Once the aforementioned determination is made, the apparatus 100 may also make a preliminary determination, for example based at least on the determined first optical lens and lens data, at S420, of other additional information that if provided by the patient, via the client device 200, could result in more specific (or customized) results. For example, as noted above, some lenses may require pantoscopic tilt, and if such information is not provided by the client device 200, such lens would not be part of the results. However, the apparatus 100 is able to make the determination that if additional information is provided (such as pantoscopic tilt), other lenses, materials, coatings, or the like can be provided in the search results as a recommendation to the patient.
Furthermore, aside from technical, lens-specific data/information such as pantoscopic tilt, corridor length, or the like (i.e., data that represents/is associated with the physical characteristics of the lens), the apparatus 100 may make a determination that other non-lens-specific data/information may be provided that would help give better results/suggestions to the patient (i.e., data that represents/is associated with characteristics of the patient). This information may include patient-specific information that concerns a wide-array of content. For example, patient-specific information may include patient name, address/location, age, insurance information, hobbies, lifestyle (active, inactive/sedentary, etc.), medical condition, whether the patient prefers eyeglasses or contact lenses, profession/working environment (in an office, outside, etc.), time spent in front of a computer monitor, length of time patient has been wearing eyeglasses or contact lenses, date the lenses are needed by (time constraints), or the like.
The patient-specific information may be useful in providing more customized search results to the particular patient.
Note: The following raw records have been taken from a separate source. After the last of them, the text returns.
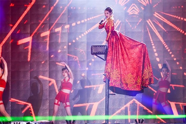 Tại đêm nhạc H-Artistry 2016, Hoàng Thùy Linh giấu vẻ sexy trong bộ đồ tứ thân.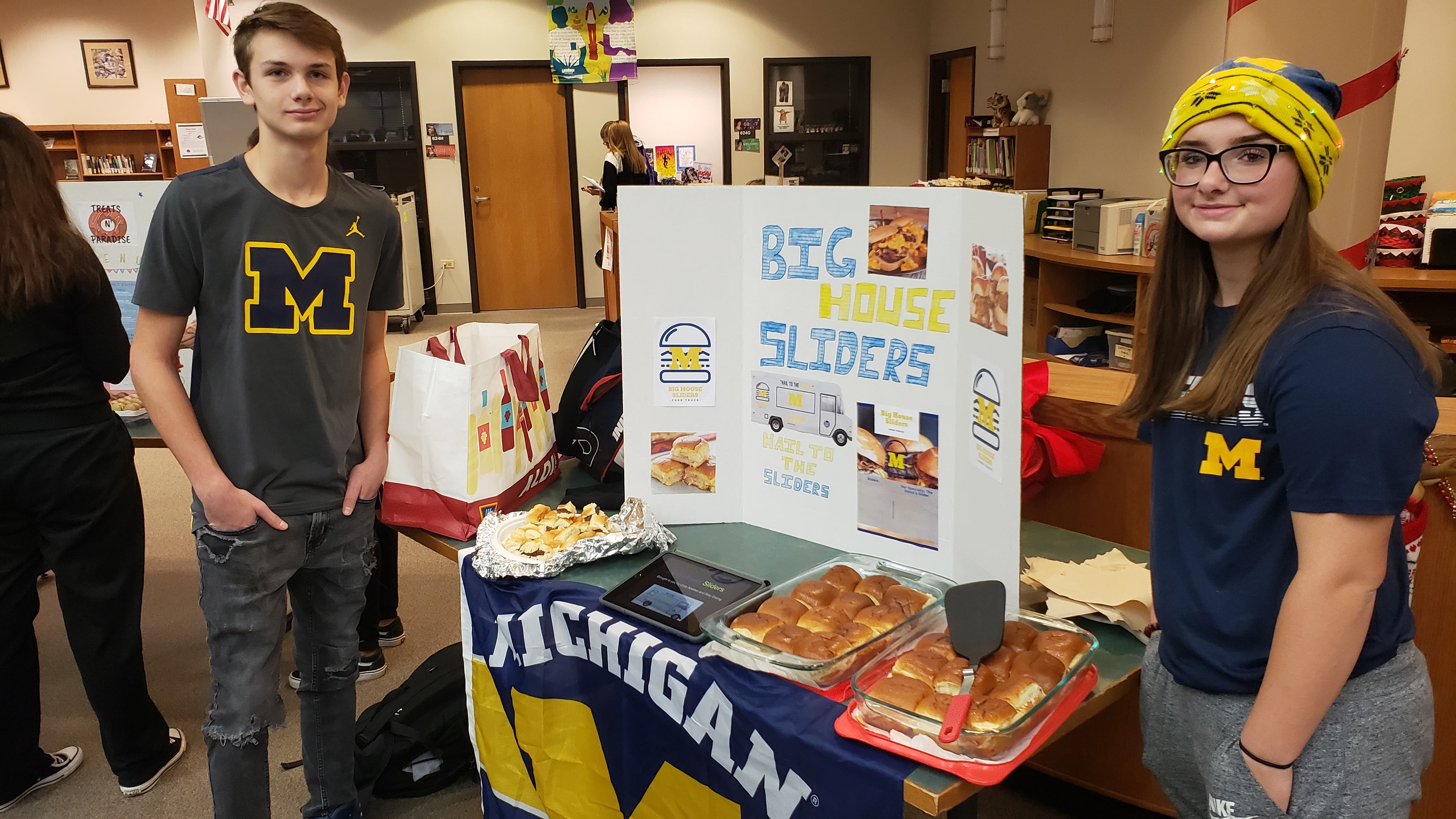 While it would be impossible for students to purchase their own food trucks (and fit them into the Oak Forest High School library), the concept remains the same. Many students brought food samples for judges to try out. Some students even sported attire to represent their business. For example, Riley Ensing and Cody Koerber, who created Big House Slides, developed a Michigan State themed food truck to sell various sliders near tailgates at the college stadium. They were decked out in Michigan State wear and believe their food truck concept could be spread throughout various colleges and universities.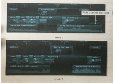 Hãy sắp xếp các việc dưới đây theo thứ tự hợp lí để thực hiện lồng ghép video Bác Hồ đọc Tuyên ngôn độc lập lên trên clip Lăng Bác.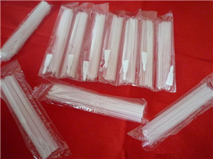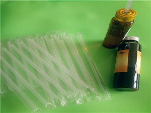 口服液吸管材質一般為PP或者PE。其特征是吸管的表面均勻分布著五至十二條棱,以八條棱為佳,這些棱與吸管口平面垂直立交,以便于穿透鋁箔吸口,使吸液暢順??诜何芘c普通的表面圓滑的吸管相比,用起來更加方便。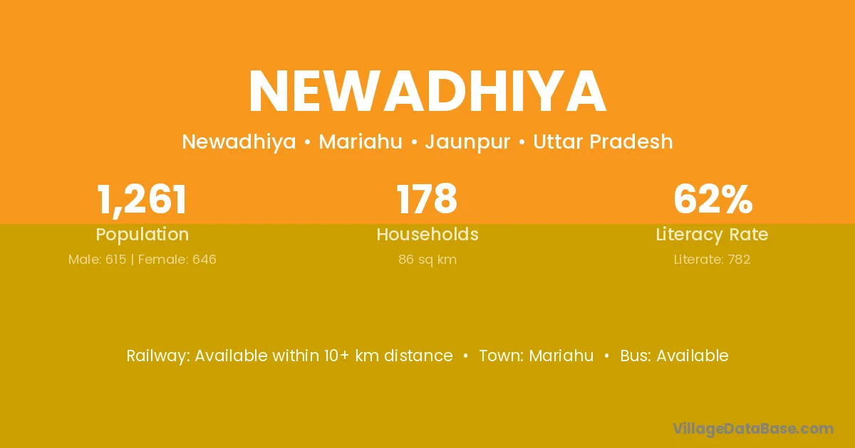 Newadhiya village has a total population of 1,261 people, of which 615 are males and 646 are females.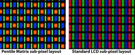 没错,专门做 OLED 屏幕的三星也是这么想的,搞出了 PenTile 排列,而为了保证红蓝子像素的寿命,就做大了子像素面积,但同时也减少了子像素的数量。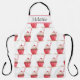 Un quequito rosado con cerezo sobre un delantal acuarela. Personalízalo con tu nombre. Regalo para panadero.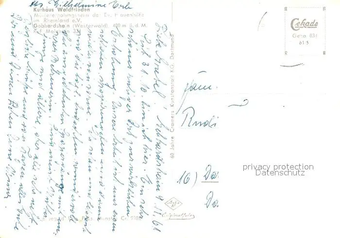Gebhardshain Fliegeraufnahme Kurhaus Waldfrieden Gebhardshain postalisch gelaufen 1961 Erhaltung siehe scans [LiesaD40] LiesID40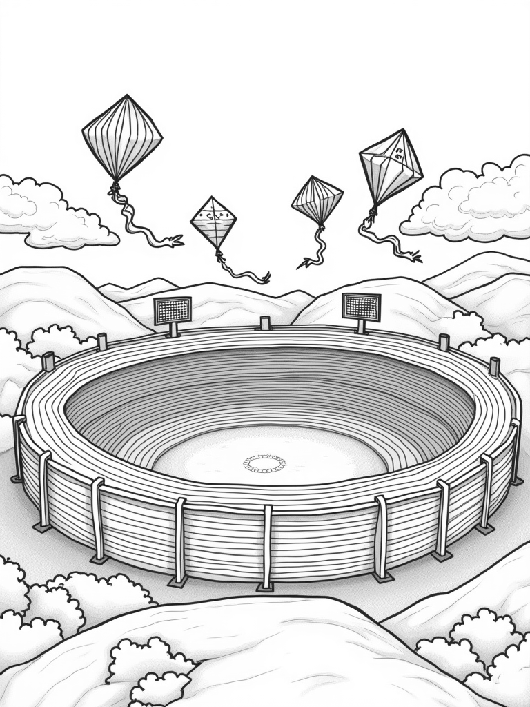 Don’t forget to look up! The sky is filled with colorful kites shaped like different sports gear, drifting lazily among fluffy clouds. The trailing ribbons make it look even more festive. It’s a perfect day for a sports-themed coloring session!
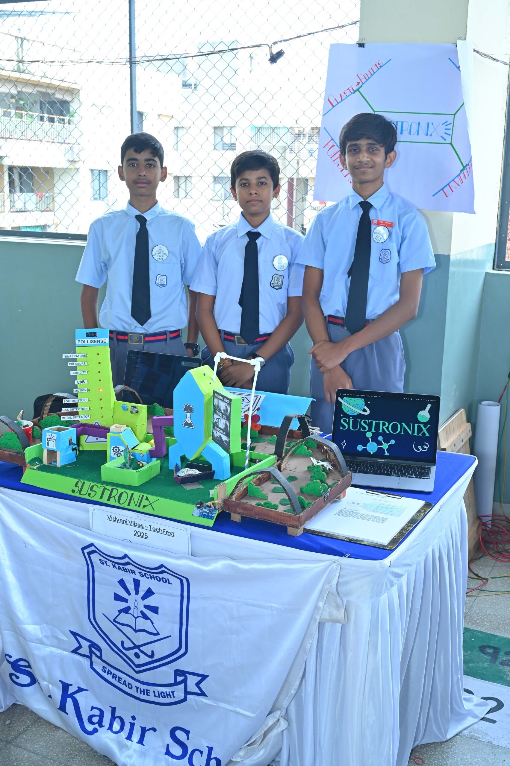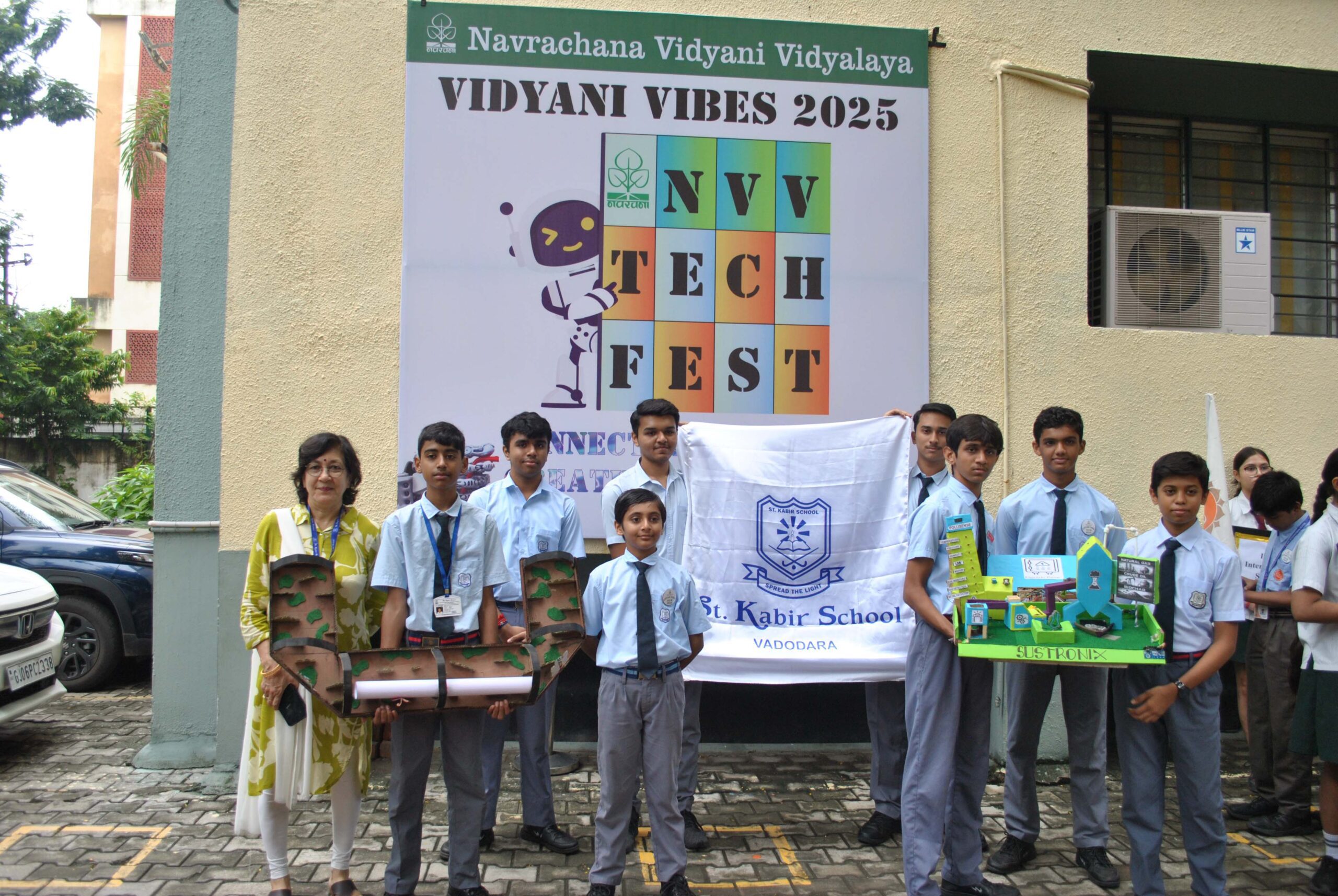 Vidyani Vibes tech fest was conducted in Vidyani School, Vadodara on 23rd Aud 2025. The tech fest had three categories 1) Pitch Your Dreams 2) Innovibe 3) Plaython and 33 schools of vadodara city participated in it. Eight students from our school participated in all the three categories. Our students Pushkar Patel, Shlok Chauhan and Vedant Parmar bagged second position in the category of Pitch your dreams. They were awarded the runner up team trophy and certificates. All the other participants were given consolation certificates.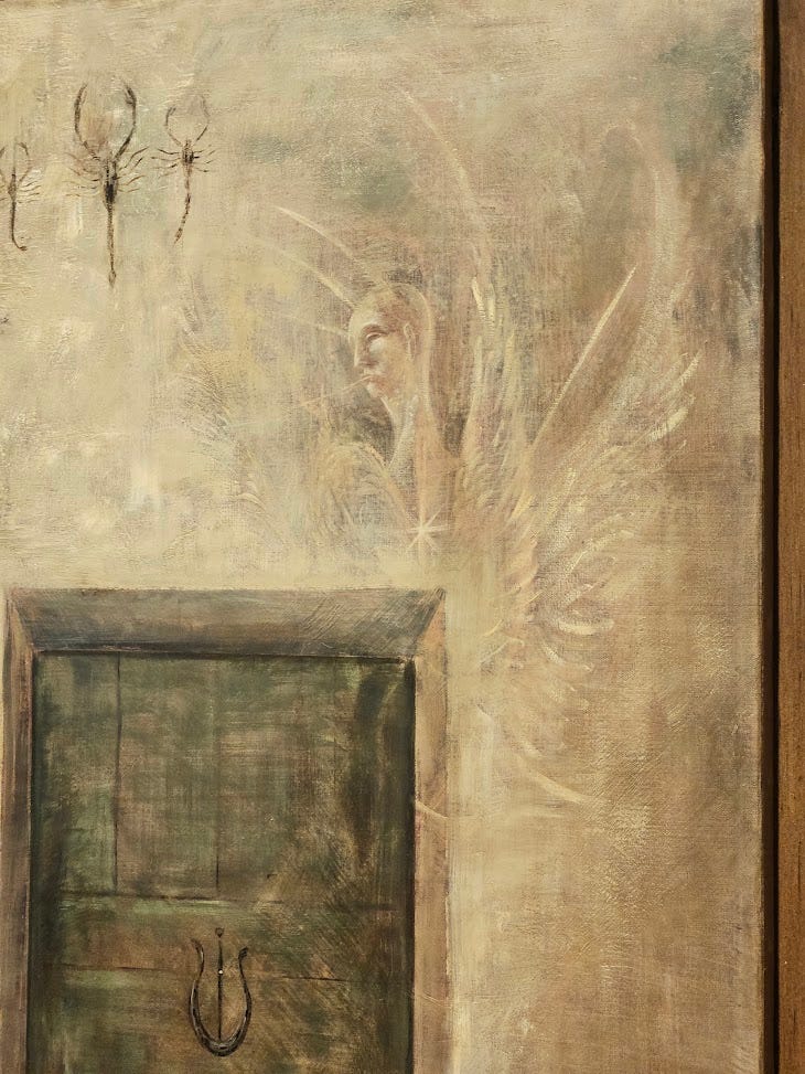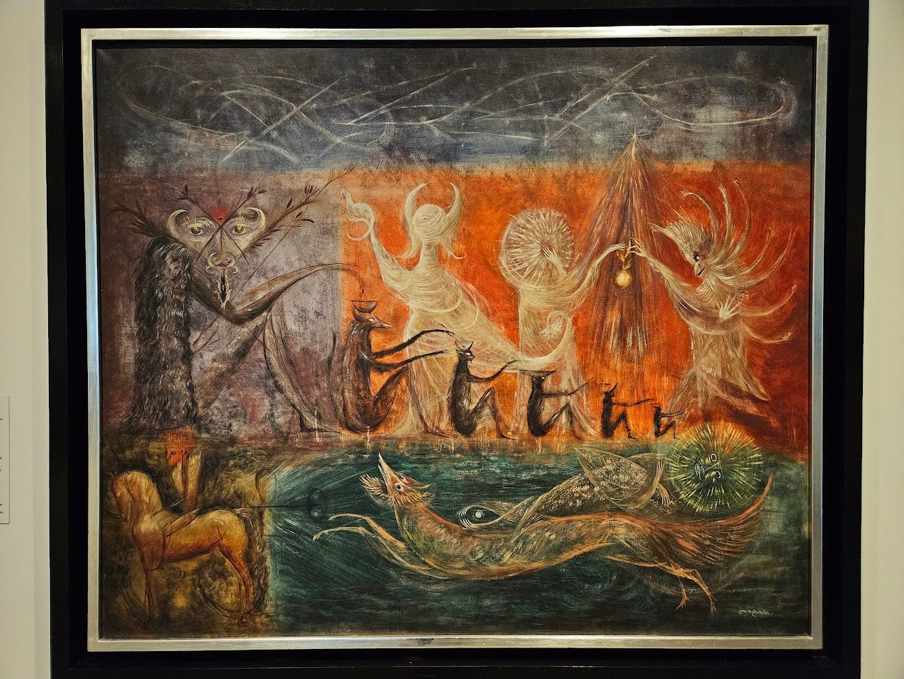 [Today we visited the Rose museum at Brandeis to see Leonora Carrington’s first New England museum exhibition. She is a force, especially in her surrealist trifecta with Remedios Varo and Kati Horna (who was new to me this time, and overwhelmingly wonderful). During the drive back north, this missive arrived on the back of a strong vision~meeting of the ~richly robed walker~, with face of hooded vacuum — a monkish complement to the mirrormaiden who appeared in the last missive, and again today. The figure’s robe was a sort of fracturing, shifting deep blue-ish green sea, emerald and tourmaline night. Inside their deadening vibrance and humming silent oppression emerged an almost Boschian carnival menagerie of characters, somewhat monstrous, eerily bizarre, and somehow not frightening. The spirit of Leonora was certainly alive in it. As M said upon hearing this Missive earlier today — “It’s like a vapor trail”. A fumigation of spirits. A charade~ ] Received 5/15/25 | 3:15-49pm

For example, if the patient leads an active lifestyle, apparatus 100 may make the determination to only present lenses to the patient that are lightweight. Similarly, if the patient is a teenager who plays soccer, for example, the apparatus 100 may make the determination to only present lenses (or special coatings/materials) with higher durability as this particular patient is at a high risk of having a normal (typically-recommended) lens break or scratch.
Further, business aspects of the transaction can affect the recommendations provided by the apparatus 100. With regard to insurance information, a specific insurance plan may have limited offerings or a large corporation may have a contract with the eye care provider (ECP) to provide a range of safety eyewear choices that fit the corporation's safety requirements. Thus, when this type of patient-specific information is provided to the apparatus 100, the apparatus 100 may use such information to provide more customized search results to the particular patient.
Based on the patient-specific information provided, the apparatus 100 may also offer health guidelines or advice. For example, California Proposition 65 warns of risks of birth defects or other risks that can be associated with purchase of the eyewear depending upon the lens material and/or the frame material. Thus, if the patient provides information that she is pregnant or expects to be (and identifies that she resides in California), the apparatus 100 may take this into account and not suggest certain lens and/or frame materials (and/or provide a warning of such materials).
Further to this concept, the apparatus 100 may also provide a warning that there may be a risk to a patient who does not choose an anti-reflective coating or ultraviolent (UV) blocker to protect against UV rays.
Upon receiving the initial information regarding the patient's prescription, the apparatus 100 is able to provide initial search results based on this limited information and also provide additional instructions or suggestions to enter more information (technical, lens-specific information such as pantoscopic tilt, corridor length, or the like, as well as non-lens-specific (patient-specific) information such as age, lifestyle, or the like) in order to refine the search and/or provide additional selections/modifications. As such, the apparatus 100 transmits, at S430, the initial/preliminary results to the client device 200 along with additional suggestions/inquiries.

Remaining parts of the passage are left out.